Context and Confirmation – Gordon Shotwell

Product development is now a two front war

One of the tricky things about developing software in the cloud computing era was figuring out a product which was appealing enough to attract users, but not appealing enough to attract competition from cloud providers. It was common to identify a market and build a great product only to get run over by Amazon, Microsoft or Google.

AI has this problem much worse for two main reasons. First, the foundation models are so general and are advancing so quickly that it’s very hard to stay ahead of them. There are many things which looked like great businesses in 2024 which are trivial to accomplish today, and many AI projects have been made irrelevant by these advancements.

The second reason is that AI has made it very easy for your customers to replace your product with a custom solution. It’s easier than ever to develop software, and so there’s a danger that your users will figure out a good-enough solution and replace your tool with something that they build and maintain. This opens up another front in product development. Not only do you have to compete with the model suppliers, but you also have to compete with your users.

Given all of this, how do you know whether you have an AI use-case that can last? I think there are two main questions that you should ask to evaluate AI products:

Do you own the context?
Can you confirm the results?

If you’re looking for a job in AI, investing in a startup or even evaluating an internal tool, these are the two things you should focus on to figure out whether the project is worth your time.

Context

One of the best businesses to be in before AI was the data aggregation business. How this worked was you found a group of people who all had pieces of a bigger dataset which weren’t that useful individually, but were valuable when combined. My old company Socure was a great example of this type of business. Lots of different firms have information about fraud, but when you aggregate all that information in one place you end up with a much more valuable product. The idea behind data aggregation is that with a bigger, more diverse dataset you can fit a better model because you’re not overfitting on one piece of that data. The aggregate model tends to beat the firm-specific ones the problems were fairly general.

AI products are not really like that because the end user wants something which is tailored to their specific use case. A programmer wants the AI to use their preferred libraries, a lawyer wants it to write just the way they do, and a doctor wants it to focus on their speciality. The main value that AI products provide is adding this special context to the foundation model to get it to behave the way the user wants it to behave.

Most of the time we focus on how to use the context when we should be focusing on who owns it. For example there are lots of debates about when you should use RAG, tool calling, or fine tuning to add context to the model, but not that much about who ultimately controls the context. Ultimately if you do not own the context your product will be replaced by someone who does.

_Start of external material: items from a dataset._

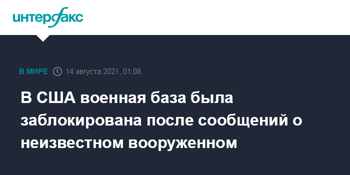 Москва. 14 августа. INTERFAX.RU - Военная база в Вашингтоне была заблокирована на полтора часа в пятницу после того, как вооруженный человек появился на ее территории, сообщает Associated Press.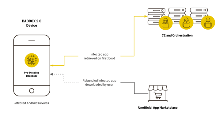 Các đối tượng đe dọa được biết là khai thác nhiều phương pháp khác nhau, từ các thỏa hiệp trong chuỗi cung ứng phần cứng đến các chợ của bên thứ ba, để phân phối những ứng dụng bề ngoài có vẻ vô hại nhưng chứa chức năng “trình tải” bí mật để lây nhiễm cửa hậu cho các thiết bị và ứng dụng này. Cửa hậu sau đó khiến các thiết bị bị nhiễm bệnh trở thành một phần của botnet lớn hơn bị lạm dụng cho gian lận quảng cáo theo chương trình, gian lận nhấp chuột và cung cấp các dịch vụ proxy dân cư bất hợp pháp :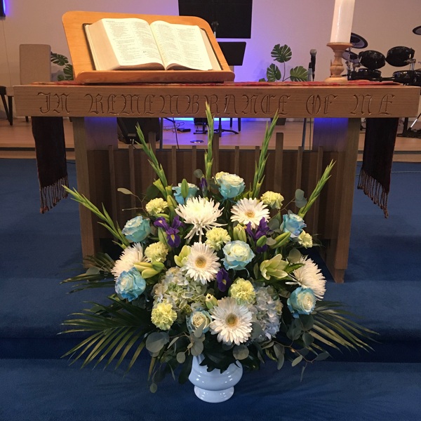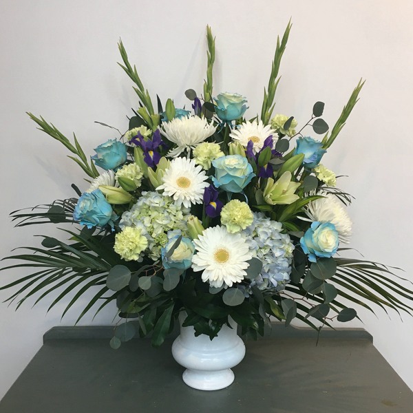 Offer a message of peace and comfort with our Serene Sky Blue and White Arrangement, a stately and elegant tribute designed to honor a beautiful life. This one-sided, fan-style arrangement is professionally presented in a classic white ceramic pedestal vase, creating a dignified focal point for a funeral service, memorial, or a family’s home.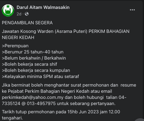 Iklan Jawatan Pertubuhan Kebajikan Islam Malaysia (PERKIM)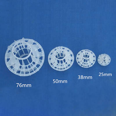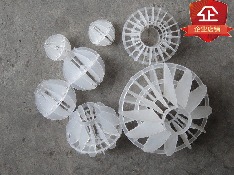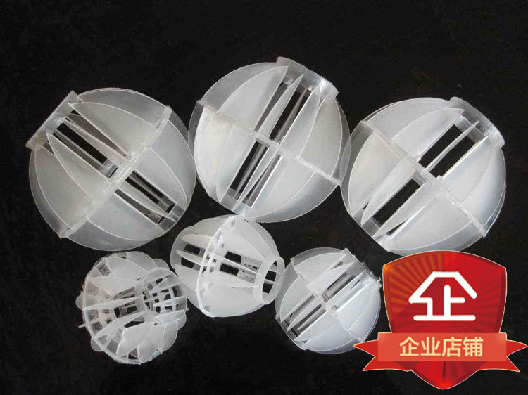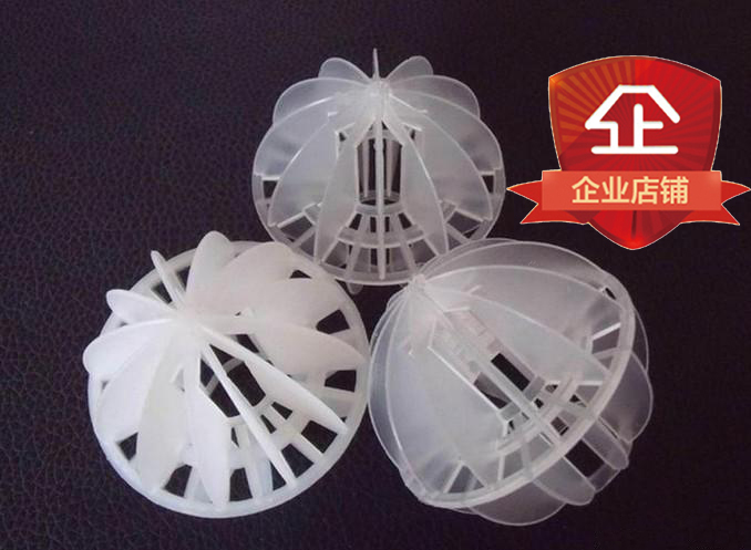 多面空心球采用聚丙烯(PP)塑料制成球狀,由兩個(gè)半球合成一個(gè)球形,兩個(gè)半球的扇形葉片相互錯(cuò)開(kāi)。該填料特點(diǎn)是比表面積大,空隙率較高。但是由于葉片數(shù)偏多,彼此間有遮蔽效應(yīng),不利于液體分布和潤(rùn)濕;液體大多在球體空心柱聚集,阻礙氣體暢通,因此阻力較大。重量輕、強(qiáng)度高、自由空間大、耐高溫、耐腐蝕、表面親水性能好、風(fēng)阻小、電耗少、比表面積大且適應(yīng)多種溶劑的處理裝置。此種填料多用于水處理工程廣泛應(yīng)用于除氯氣、除氧氣、除二氧化碳吸收塔、廢氣凈化塔、酸霧凈化塔等環(huán)保設(shè)備中。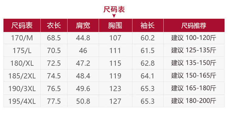 China (cm) 165 / 88-90 170 / 96-98 175 / 108-110 180 / 118-122 185 / 126-130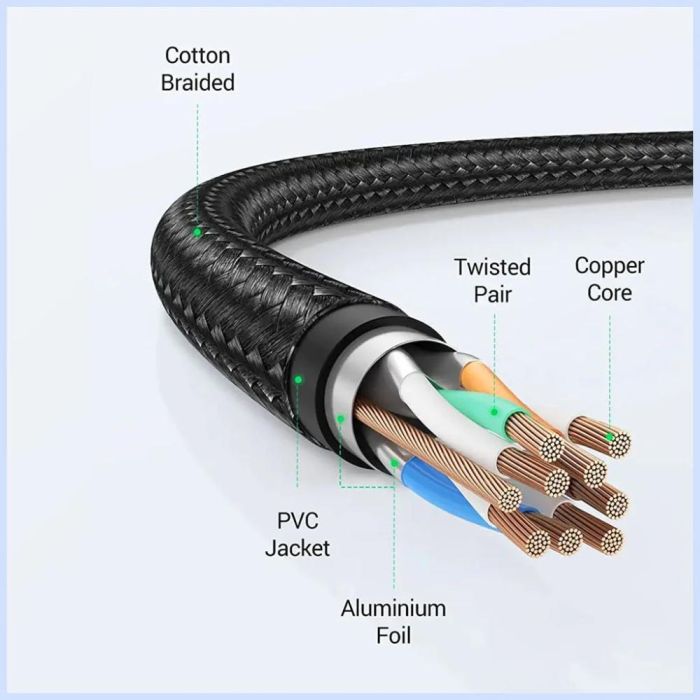 - كيبل توصيل شبكات مضفر Cat8 مضاد للتداخل من UGREEN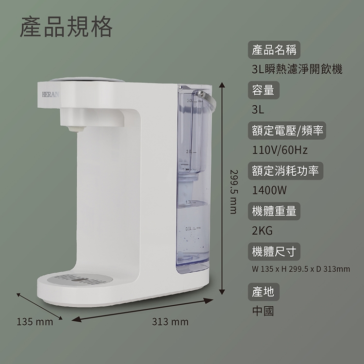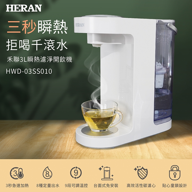 【HERAN禾聯】 瞬熱濾淨開飲機 HWD-03SS010 3秒瞬間加熱 附活性碳濾心
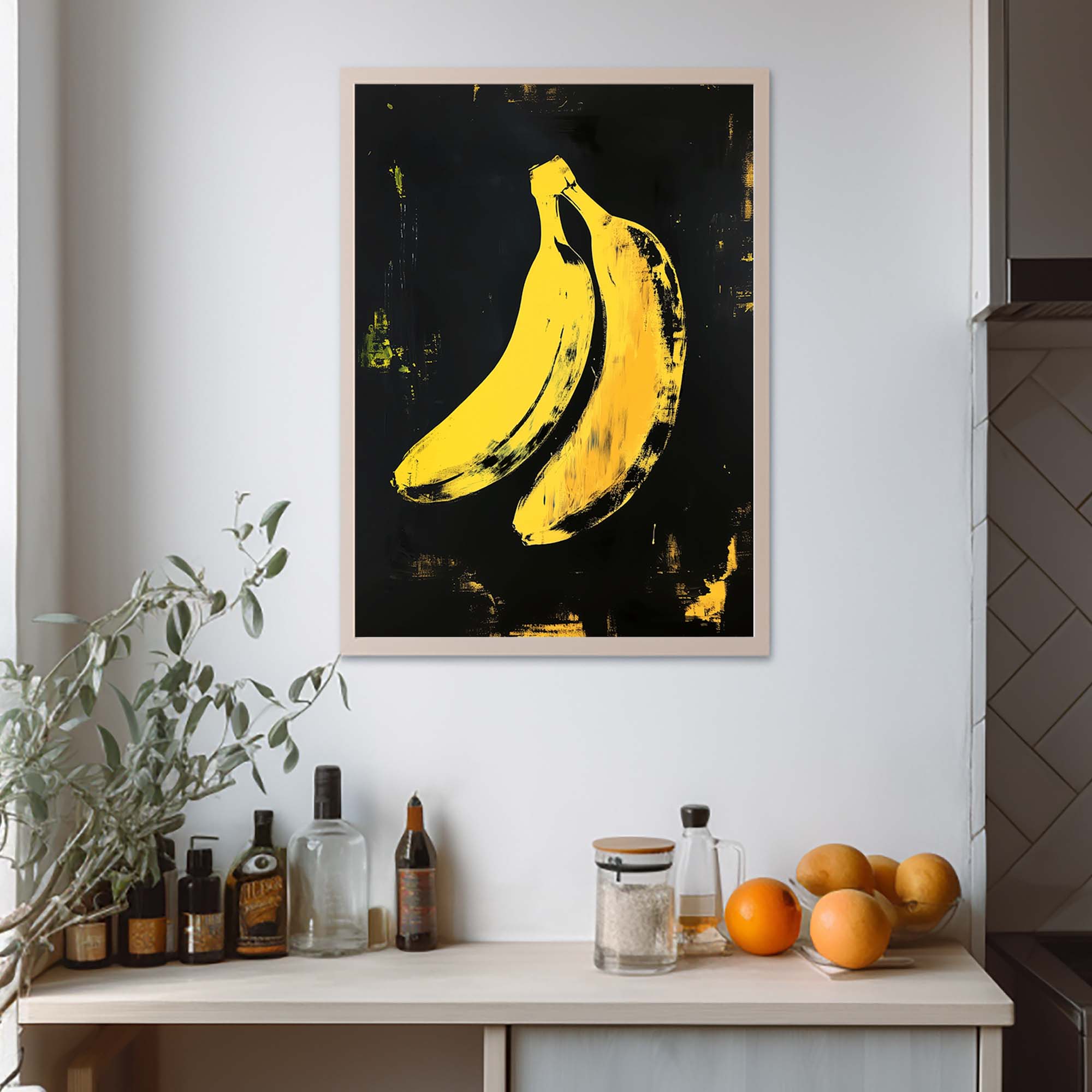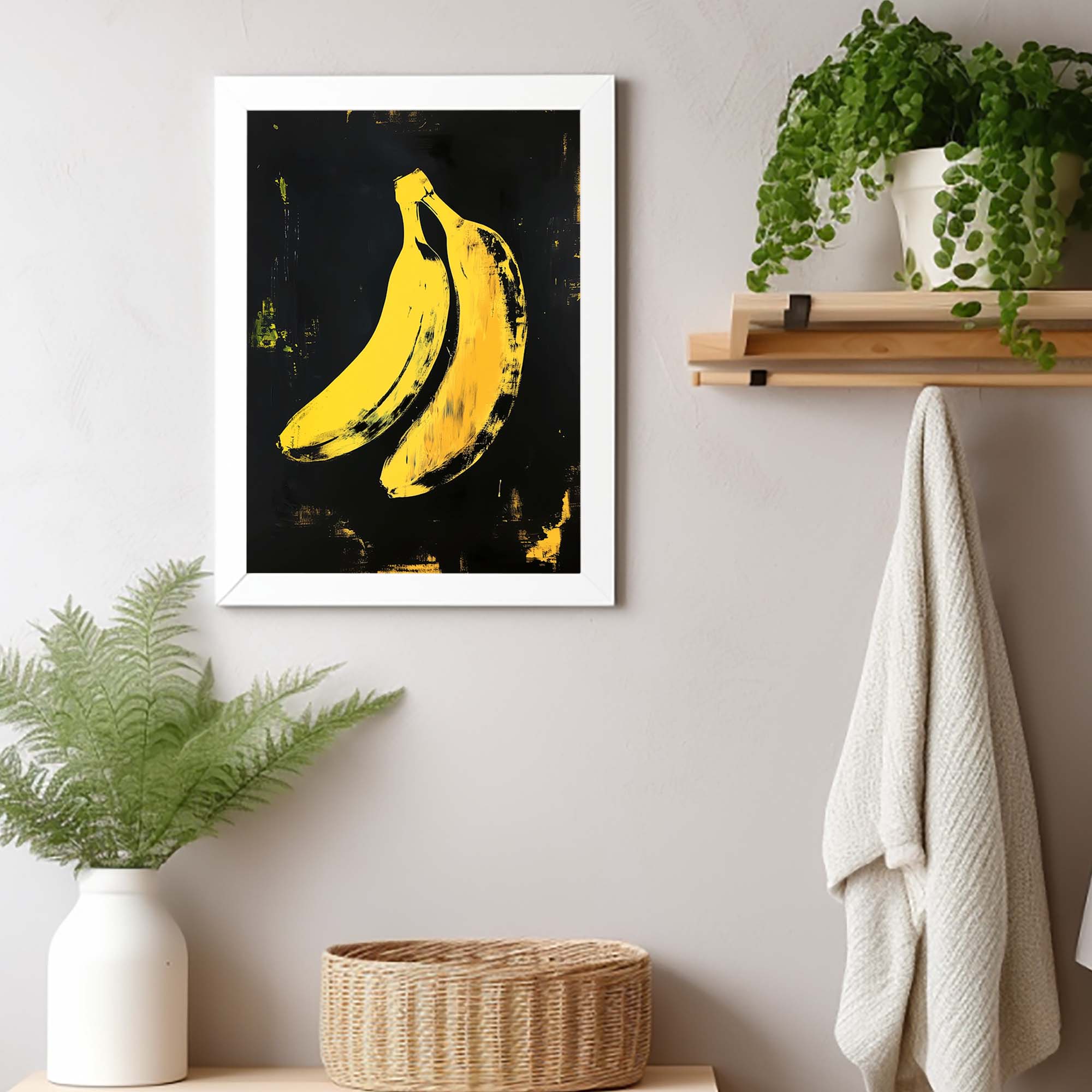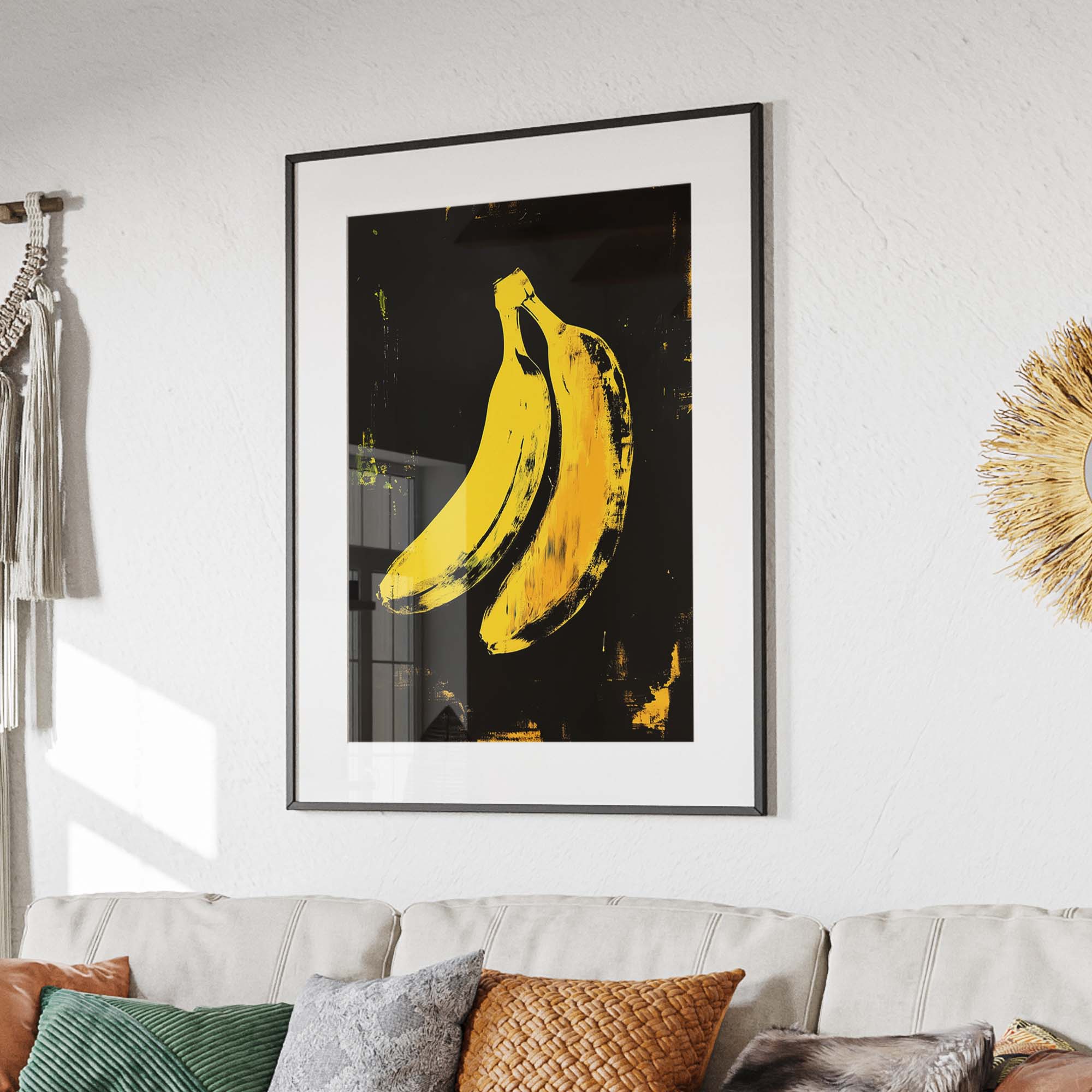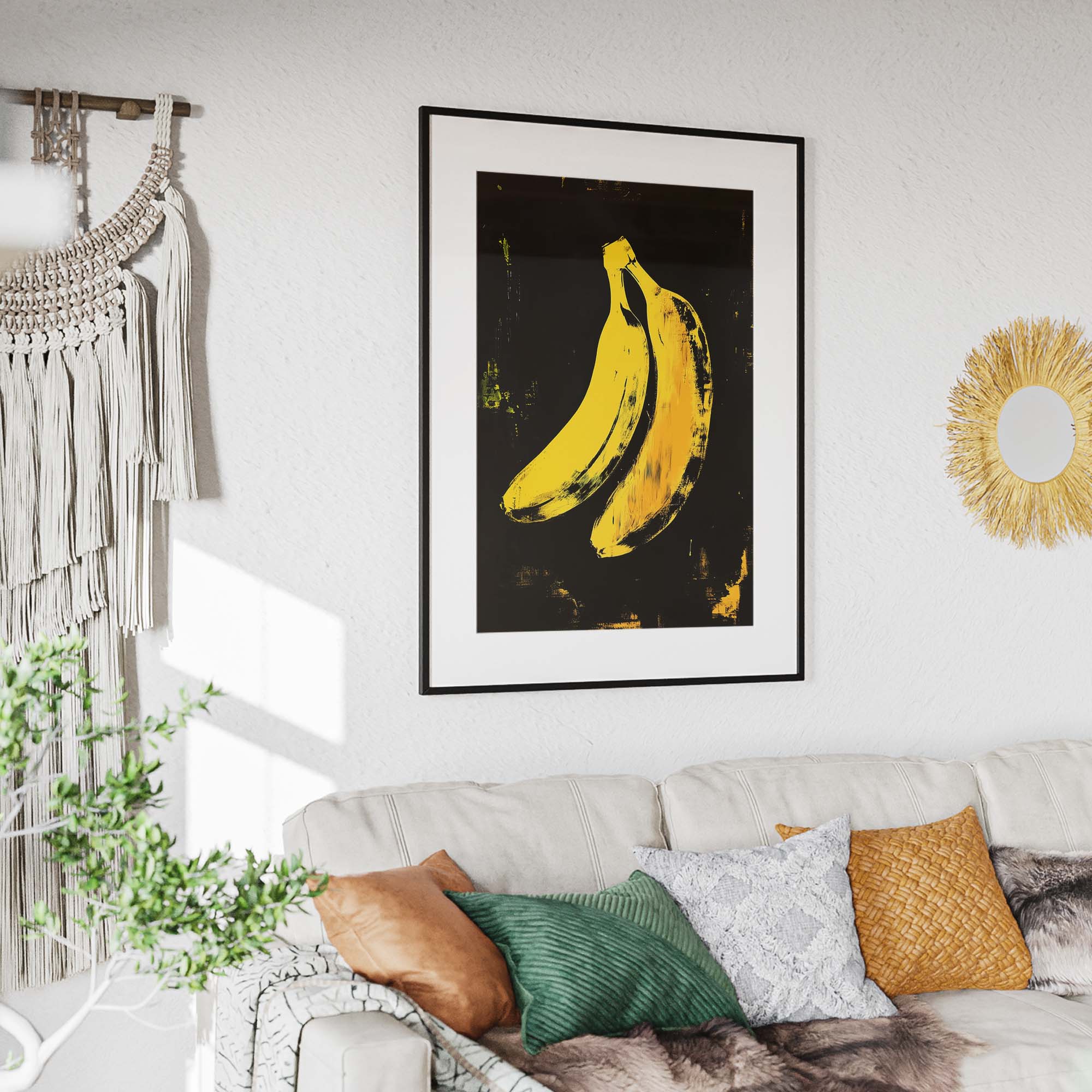 Denne plakat fremviser en ikonisk gul banan skabt med avanceret AI-teknologi, der hylder popkunstens udtryksfulde og farverige æstetik. Designet leger med kontraster og enkle former, der fremhæver bananens karakteristiske silhuet, samtidig med at det tilfører en moderne og frisk kant. Perfekt som et statement-piece i dit hjem eller kontor, denne plakat emmer af kreativitet og humor, og bringer en dynamisk energi til enhver væg.

A good example of this is Cursor. I started using Cursor when I was working on a niche open source project, and its main value to me was that it could focus LLM calls in my particular programming environment. Cursor provided value because it was able to add context to the foundation model call and generate a better result than the model alone. However, since Cursor never owned this context they were vulnerable to competition. As a user I can switch to a different tool, or build my own solution and take my context with me. Since Cursor’s business model is basically charging a markup over calls to the foundation model API they were always going to have a tough time competing against these other solutions. This is exactly what happened with Claude code. Anthropic can create a tool which does a better job working with user context, but without needing to markup the LLM calls.

Confirmation

One way of thinking about AI companies is that they’re in the business of getting big model performance at small model prices. You can always get exceptional performance from a top-of-the line LLM, but it’s really hard to build businesses around that performance because the model is scarce. For example today you might get really good performance on a task by using Claude Opus 4.5, but if you tried to build a business around it you’d run into two problems. First the model is expensive enough that your margins would be very poor, but more importantly the rate limits on the model will be too low to support a scaling business. If your product is successful you’ll end up hitting those rate limits and need to downgrade to a cheaper model with more generous limits.

This is what is usually happening when you notice that your AI product has gotten really stupid all of the sudden. It’s not usually that the core model has degraded, but that there’s enough traffic that someone has hit a rate limit somewhere and rerouted queries to a less performant model.

The solution is to find ways to use cheap, abundant models to do the job of the big scarce model. For this work you need to have a process for quantifying the performance of the model and you need to be able to measure that performance easily and often.

The competitive question here is again whether you are better at evaluating model performance in your domain than the foundation labs or your customers. If so, you have a durable way of adding value by confirming that model A is just as good as model B. If not, you’re likely going to be replaced.

Some good questions you can ask about confirmation are:

Do the domain experts work for your company?
Do you have fast, automated ways of collecting evaluation data?
Do you have the best understanding of what correctness means in this domain?
Are you better able to invest in evaluation data than other firms?

Conclusion

All of this should probably make you a bit gloomy about many AI startups because they don’t own the context and they can’t confirm results. I have found that this framework has been an arrow against misfortune and has helped me cut through the hype and see whether a particular project is actually durable.